Gdy byłeś młodszy, chodziłeś gdzie chciałeś (9.05.2008)

Piątek, 9 maja 2008  

Gdy byłeś młodszy, chodziłeś, gdzie chciałeś. Pójdź za Mną!
(J 21,15-19  )

 
            Piotr niedojrzały w wierze kochał Jezusa bardzo, ale po swojemu. Dlatego nieraz z Nim dyskutował i chciał Go „korygować”, gdy coś nie mieściło mu się w głowie, albo wydawało się skandalem (J 13,7n.37n; Mt 16,22n). Piotr nie rozumiał słowa o krzyżu i odrzucał każdą myśl o tym. Z powodu tej niedojrzałej miłości został kilkakrotnie ostro upomniany przez Jezusa, a ostatecznie doprowadziła go ona do zaprzaństwa i upadku.  
            W dzisiejszej Ewangelii widzimy go przemienionego mocą Paschy Chrystusa. Piotr wyznaje miłość, która już nie stawia warunków i nie próbuje ciągnąć Jezusa w swoją stronę, ale jest gotowa pójść za Nim do końca. Bóg Ojciec przepasze Piotra mocą i posłuszeństwem, i poprowadzi go, już wolnego od siebie i swoich projektów, tam, dokąd żaden człowiek nie może pójść o własnych siłach: z Galilei poprzez Jerozolimę i Antiochię aż po Rzym. Metą tej drogi stanie się krzyż na stadionie watykańskim.
 
             Także Paweł jest na pozór bezwolnym więźniem rzymskiego namiestnika i przedmiotem politycznych rozgrywek arcykapłanów żydowskich. W rzeczywistości jego życiem kieruje Zmartwychwstały.

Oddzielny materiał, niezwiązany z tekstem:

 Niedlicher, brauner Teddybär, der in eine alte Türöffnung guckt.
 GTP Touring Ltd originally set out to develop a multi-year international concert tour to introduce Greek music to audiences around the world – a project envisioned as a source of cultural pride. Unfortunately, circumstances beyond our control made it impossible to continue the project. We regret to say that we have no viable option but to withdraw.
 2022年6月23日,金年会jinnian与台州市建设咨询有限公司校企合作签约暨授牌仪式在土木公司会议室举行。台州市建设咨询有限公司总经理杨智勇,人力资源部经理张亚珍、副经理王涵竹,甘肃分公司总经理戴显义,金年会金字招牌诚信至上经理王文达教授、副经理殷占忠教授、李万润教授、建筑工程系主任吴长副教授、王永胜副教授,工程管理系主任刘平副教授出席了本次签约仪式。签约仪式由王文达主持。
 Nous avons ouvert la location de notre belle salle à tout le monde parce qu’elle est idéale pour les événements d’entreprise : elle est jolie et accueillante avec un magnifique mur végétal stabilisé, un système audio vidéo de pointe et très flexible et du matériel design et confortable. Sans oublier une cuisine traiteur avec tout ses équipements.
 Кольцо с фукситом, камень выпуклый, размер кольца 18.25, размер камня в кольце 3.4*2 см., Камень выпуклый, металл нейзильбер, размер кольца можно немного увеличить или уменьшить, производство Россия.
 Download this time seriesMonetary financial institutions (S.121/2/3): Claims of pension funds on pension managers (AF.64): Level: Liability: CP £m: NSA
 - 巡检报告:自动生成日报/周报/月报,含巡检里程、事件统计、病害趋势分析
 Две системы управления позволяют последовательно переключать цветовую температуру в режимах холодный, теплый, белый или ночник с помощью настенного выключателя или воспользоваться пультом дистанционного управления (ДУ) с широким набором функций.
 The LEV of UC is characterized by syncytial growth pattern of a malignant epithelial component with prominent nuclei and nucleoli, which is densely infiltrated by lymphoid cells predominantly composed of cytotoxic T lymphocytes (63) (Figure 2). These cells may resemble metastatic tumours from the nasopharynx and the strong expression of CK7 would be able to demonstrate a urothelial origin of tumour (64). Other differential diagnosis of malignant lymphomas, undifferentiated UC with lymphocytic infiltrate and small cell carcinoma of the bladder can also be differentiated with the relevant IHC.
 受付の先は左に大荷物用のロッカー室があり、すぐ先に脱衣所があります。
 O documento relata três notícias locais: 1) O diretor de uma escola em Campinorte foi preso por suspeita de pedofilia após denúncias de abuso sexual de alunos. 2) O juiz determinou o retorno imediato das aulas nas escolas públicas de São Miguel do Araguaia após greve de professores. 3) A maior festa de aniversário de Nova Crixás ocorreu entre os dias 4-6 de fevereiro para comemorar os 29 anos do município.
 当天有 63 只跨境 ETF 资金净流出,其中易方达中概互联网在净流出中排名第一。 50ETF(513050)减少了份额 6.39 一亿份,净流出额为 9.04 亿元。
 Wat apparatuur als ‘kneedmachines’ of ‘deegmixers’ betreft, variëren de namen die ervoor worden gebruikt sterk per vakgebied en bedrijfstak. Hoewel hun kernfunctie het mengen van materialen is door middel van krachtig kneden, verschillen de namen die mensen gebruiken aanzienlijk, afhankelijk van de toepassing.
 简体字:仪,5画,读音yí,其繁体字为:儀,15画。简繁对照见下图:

Paweł udaje się do Rzymu nie dlatego, że został aresztowany, ani po to, by uciec przed nienawiścią starszyzny jerozolimskiej, ale ponieważ posyła go tam Chrystus  – jego jedyny Pan (Dz 23,11; 19,17). Jego męczeńska śmierć nie będzie zwycięstwem wrogów, ale jego własnym tryumfem i momentem osiągnięcia wieńca sprawiedliwości, bez porównania cenniejszego od laurów olimpijskich! (2Tm 4,6-8) 
            Dwaj Apostołowie wskazują nam drogę do prawdziwej wolności i dojrzałości chrześcijańskiej. Jej kresem jest niewiędnący wieniec chwały (1P 5,1).